The proposed elimination of PCEs from the critical habitat designation process and the Services’ statement that physical and biological features do not need to be present at the time of designation are particularly troubling. The express language of the ESA limits the ability of the Services to designate critical habitat to those areas where the PCEs “are found.” 16 U.S.C. § 1532 (5)(A) (defining critical habitat as the “specific areas within the geographic area occupied by the species … on which are found those physical or biological features … essential to the conservation of the species”). Moreover, courts have held that PCEs must be “found” in an area as a prerequisite to designation and, thus, that the Services cannot designate an area as critical habitat based on a “mere hope” that PCEs will be found in a tract of land in the future. See Cape Hatteras Access Pres. Alliance v. U.S. Dep’t of Interior, 344 F. Supp. 2d 108, 122 (D.D.C. 2004). By providing the Services with increased discretion to designate areas as critical habitat based upon a discretionary judgment that the necessary physical and biological features may develop, the proposed rule greatly expands the Services' ability to designate vast habitat areas, with minimal scientific support.
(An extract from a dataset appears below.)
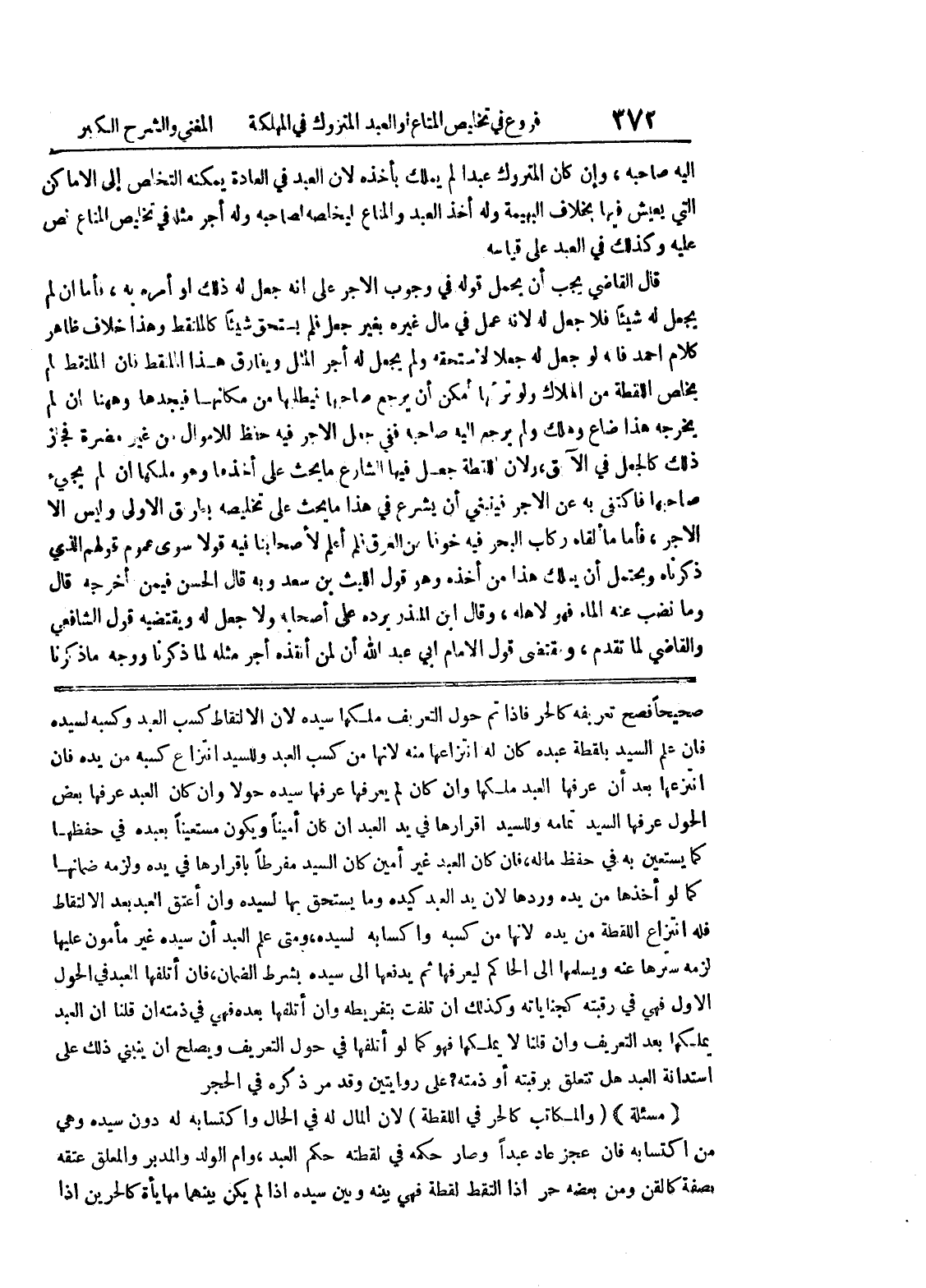 استدانة العبد هل تتعلق برقبته أو ذمته؟ على روايتين وقد مر ذكره في الحجر * (مسألة) * (والمكاتب كالحر في اللقطة) لأن المال له في الحال واكتسابه له دون سيده وهي من اكتسابه فإن عجز عاد عبدا وصار حكمه في لقطته حكم العبد، وأم الولد والمدبر والمعلق عتقه بصفة كالقن ومن بعضه حر إذا التقط لقطة فهي بينه وبين سيده إذا لم يكن بينهما مهايأة كالحرين إذا
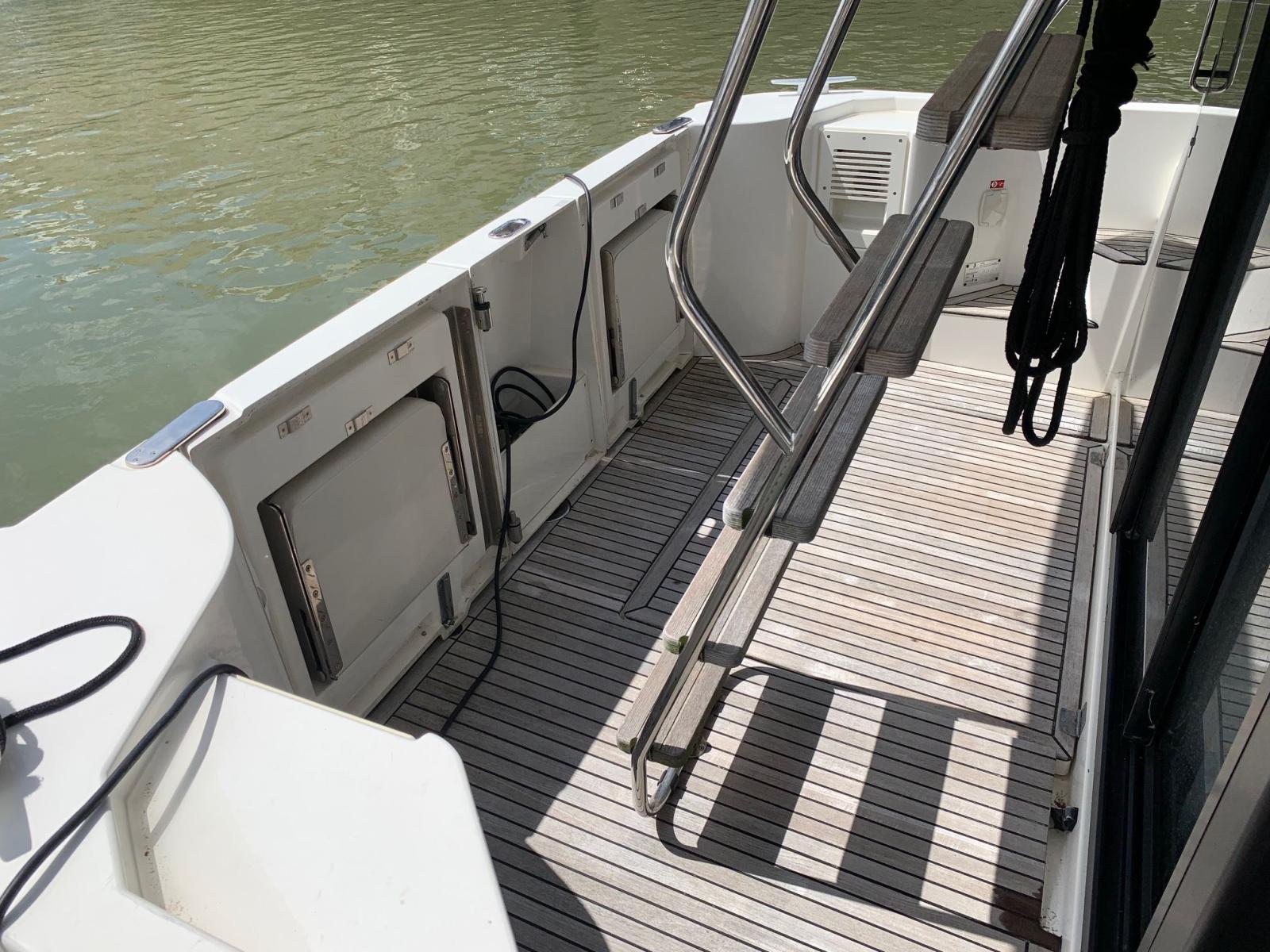 Equipement: Coque Grise - Guindeau électrique - Propulseurs d'étrave et de poupe, 2 Batteries service 115A, Flaps électriques, Convertisseur 12-220V 700VA, Prise eau douce de quai, VHF Raymarine double poste avec AIS Raymarine, Traceurs Raymarine 9 pouces en timonerie et au flybridge, Pilote auto Raymarine, grande plateforme de bain lattée teck et fond de cockpit et passavant tribord latté teck, 2 banquettes de cockpit repliables, Chauffage fuel air pulsé, rideaux intérieurs de timonerie, carré convertible en couchage et 2 poufs coulissants, Bain de soleil avant + housse, Projecteur de pont au flybridge, armement de sécurité côtier 6 personnes, Kit mouillage complet avec amarres et pare-battages.

Finally, the draft policy issued by the Services provides guidance on how the Services will implement exclusions from critical habitat under Section 4(b)(2). Among other changes, the draft policy proposes limitations on the exclusion of lands subject to voluntary conservation measures, establishes a presumption against the exclusion of federal lands, and emphasizes that exclusions are both entirely matters of agency discretion and “rare.” The May 12 proposals are not intended to apply retroactively to pre-existing designations or past ESA consultations. Nonetheless, if adopted, the proposals will significantly change the landscape for critical habitat designations. Public comment on the proposals is requested and comments are due by July 11, 2014.




DISCLAIMER: Because of the generality of this update, the information provided herein may not be applicable in all situations and should not be acted upon without specific legal advice based on particular situations.